LLM extracts title, overview, action items, and events from the transcript

Storage

upsert_conversation() in database/conversations.py saves to Firestore

Vector Embedding

Conversation is embedded and stored in Pinecone for semantic search

Conversation Model Fields

Field	Type	Description
`id`	string	Unique conversation identifier
`created_at`	datetime	When the conversation record was created
`started_at`	datetime	When the actual conversation started
`finished_at`	datetime	When the conversation ended
`source`	enum	Source device (omi, phone, desktop, openglass, etc.)
`language`	string	Language code of the conversation
`status`	enum	Processing status: `in_progress`, `processing`, `completed`, `failed`
`structured`	object	Extracted structured information (see below)
`transcript_segments`	array	List of transcript segments
`geolocation`	object	Location data (latitude, longitude, address)
`photos`	array	Photos captured during conversation
`audio_files`	array	Audio file references
`apps_results`	array	Results from summarization apps
`external_data`	object	Data from external integrations
`discarded`	boolean	Whether conversation was marked as low-quality
`visibility`	enum	`private`, `shared`, or `public`
`is_locked`	boolean	Whether conversation is locked from editing
`data_protection_level`	string	`standard` or `enhanced` (encrypted)

Structured Information

The structured field contains LLM-extracted information:

Field	Type	Description
`title`	string	Short descriptive title for the conversation
`overview`	string	Summary of key points discussed
`emoji`	string	Emoji representing the conversation
`category`	enum	Category (personal, work, health, etc.)
`action_items`	array	Tasks or to-dos mentioned
`events`	array	Calendar events to be created

Transcript Segments

Each segment in transcript_segments includes:

Field	Type	Description
`text`	string	Transcribed text content
`speaker`	string	Speaker label (e.g., “SPEAKER_00”)
`start`	float	Start time in seconds
`end`	float	End time in seconds
`is_user`	boolean	Whether spoken by the device owner
`person_id`	string	ID of identified person (if matched)

Action Items

Action items are stored both inline (in structured.action_items) and in a standalone collection:

Field	Type	Description
`description`	string	The action item text
`completed`	boolean	Whether the item is done
`created_at`	datetime	When extracted
`due_at`	datetime	Optional due date
`completed_at`	datetime	When marked complete
`conversation_id`	string	Source conversation

Events

Calendar events extracted from conversations:

Field	Type	Description
`title`	string	Event title
`description`	string	Event description
`start`	datetime	Start date/time
`duration`	integer	Duration in minutes
`created`	boolean	Whether added to calendar

Part 2: Extracting & Storing Memories

Memories are facts about the user extracted from conversations.

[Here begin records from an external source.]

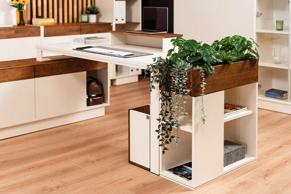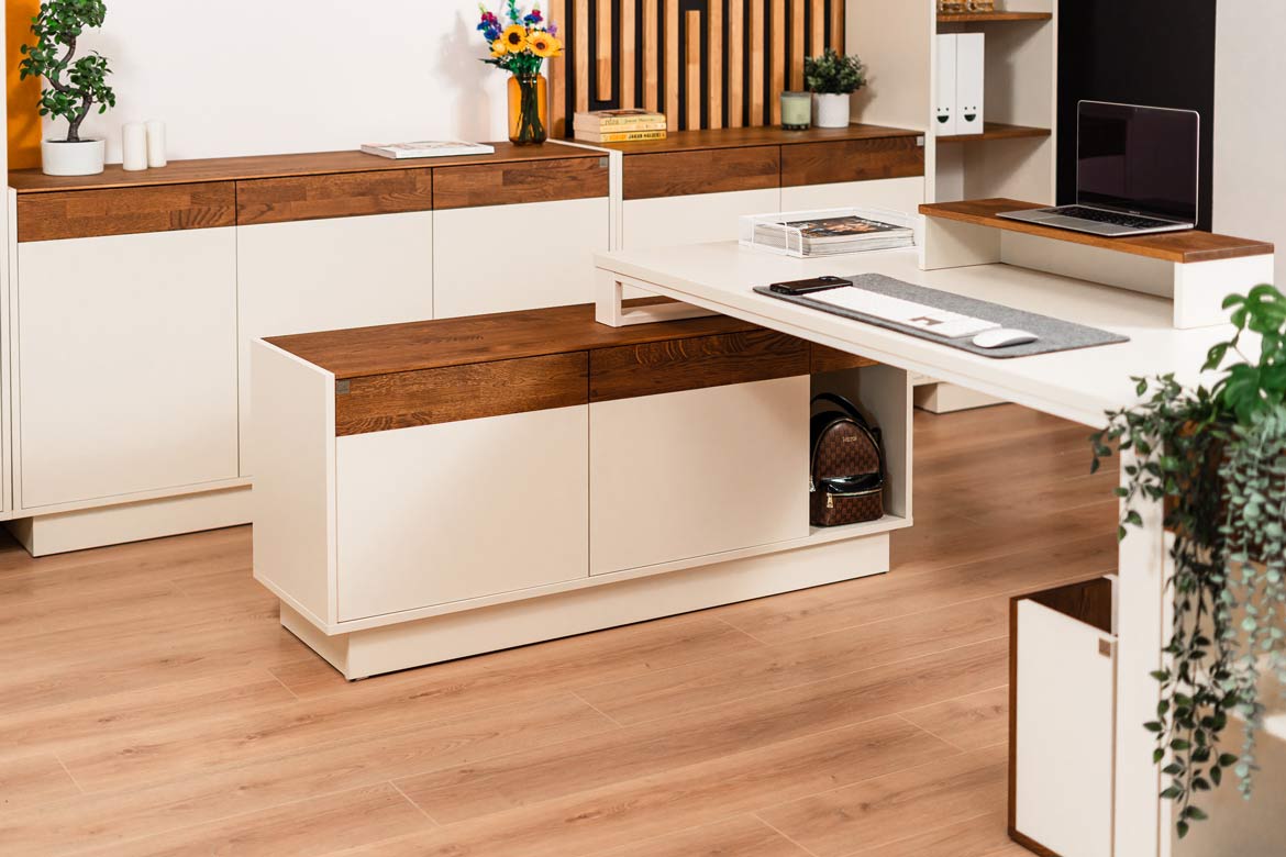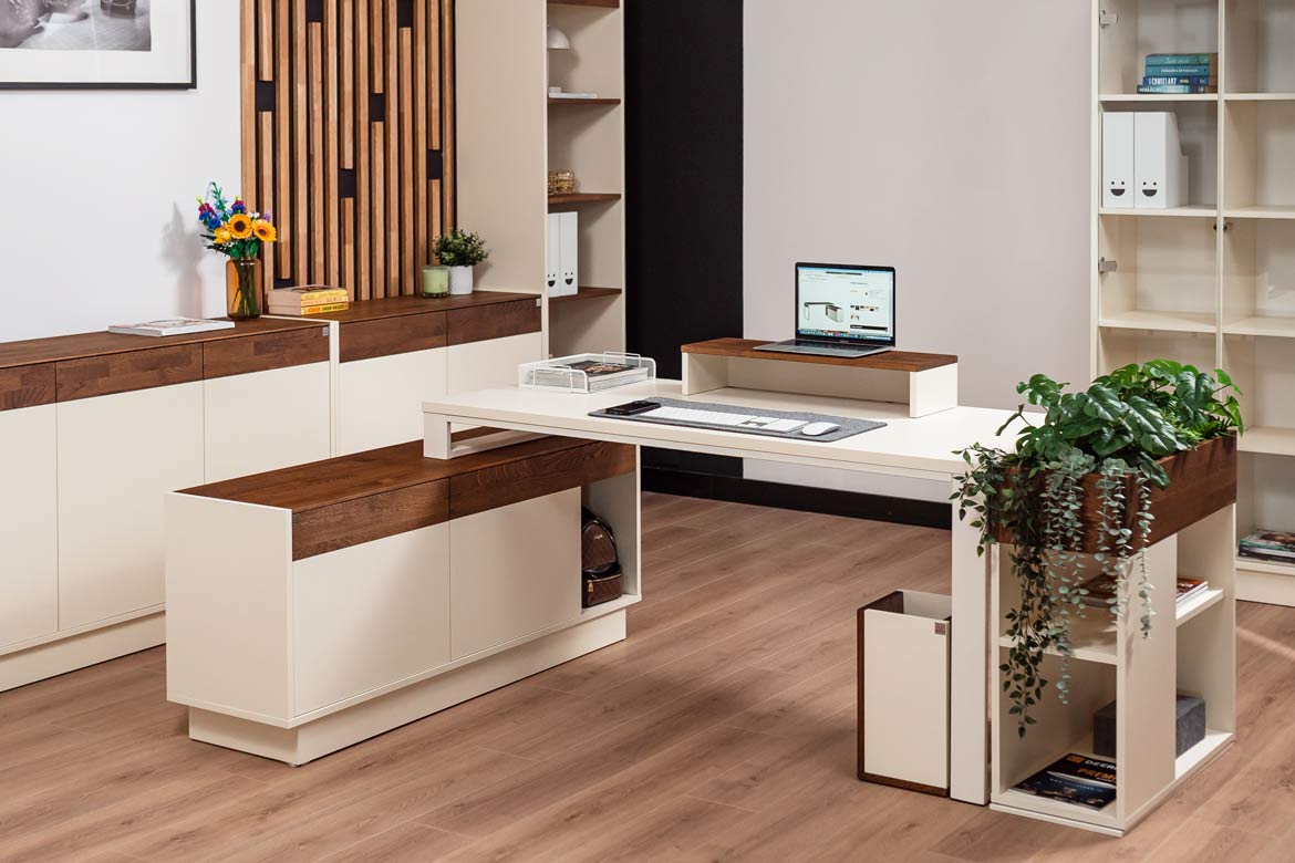 Corner desk in a unique color combination – delicate ivory combined with an elegant shade of Cuban Cigaro. Subtle lines, modern form and natural wood accents give it a prestigious and timeless character.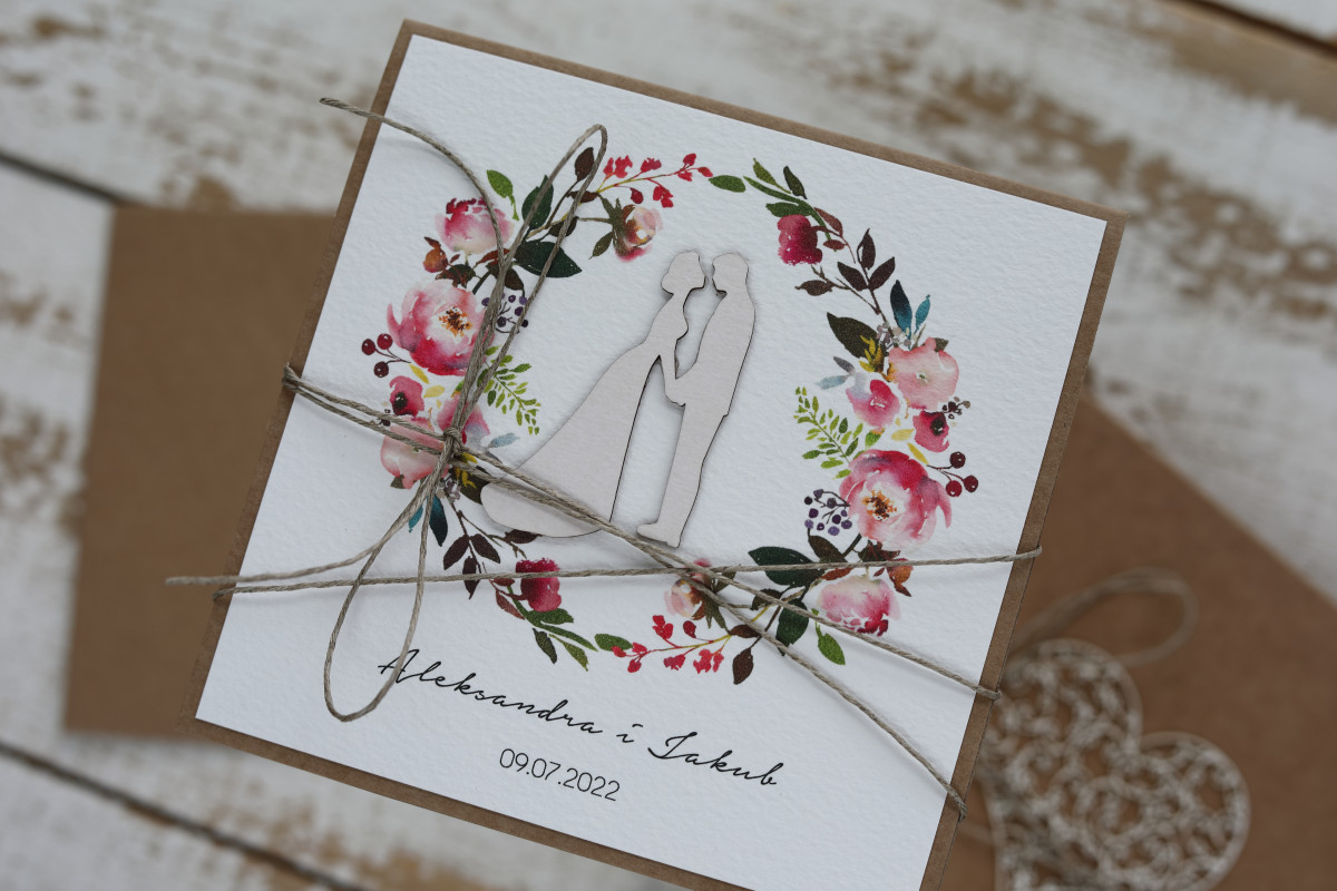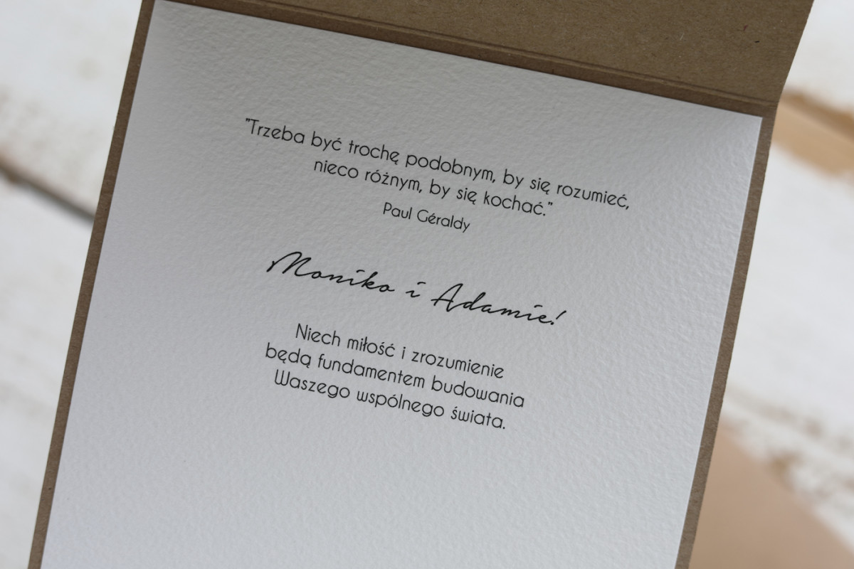Stylowa kartka na ślub wraz z pudełkiem i kopertą na pieniądze - wykonane z papieru bawełnianego oraz kraftowego oraz ozdobnej tekturki.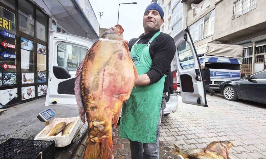 Ahlat’ta Keban Baraj Gölü’nden getirilen dev sazanlar rağbet görüyor

They represent learnings, preferences, habits, and other personal information.

Memory Extraction Process

During process_conversation(), the system:

Analyze Transcript

Reviews the conversation transcript for personal information

Extract Facts

Identifies facts worth remembering about the user (~15 words max)

Store with Link

Saves to memories collection with a link back to the source conversation

Memory Model Fields

Field	Type	Description
`id`	string	Unique memory identifier
`uid`	string	User ID
`conversation_id`	string	Source conversation (links back)
`content`	string	The actual fact/learning (max ~15 words)
`category`	enum	`interesting`, `system`, or `manual`
`tags`	array	Categorization tags
`visibility`	string	`private` or `public`
`created_at`	datetime	When memory was created
`updated_at`	datetime	Last modification time
`reviewed`	boolean	Whether user has reviewed
`user_review`	boolean	User’s approval (true/false/null)
`edited`	boolean	Whether user edited the content
`scoring`	string	Ranking score for retrieval
`manually_added`	boolean	Whether user created manually
`is_locked`	boolean	Prevent automatic deletion
`app_id`	string	Source app (if from integration)
`data_protection_level`	string	Encryption level

Memory Categories

Interesting

Notable facts about the user: hobbies, opinions, stories

System

Preferences and patterns: work habits, sleep schedule

Manual

User-created memories: explicitly added facts

Legacy categories (core, hobbies, lifestyle, interests, habits, work, skills, learnings, other) are automatically mapped to the new primary categories for backward compatibility.

Memory Extraction Rules

The system follows these guidelines when extracting memories:

Maximum ~15 words per memory
Must pass the “shareability test” - would this be worth telling someone?
Maximum 2 interesting + 2 system memories per conversation
No duplicate or near-duplicate facts
Skip mundane details (eating, sleeping, commuting)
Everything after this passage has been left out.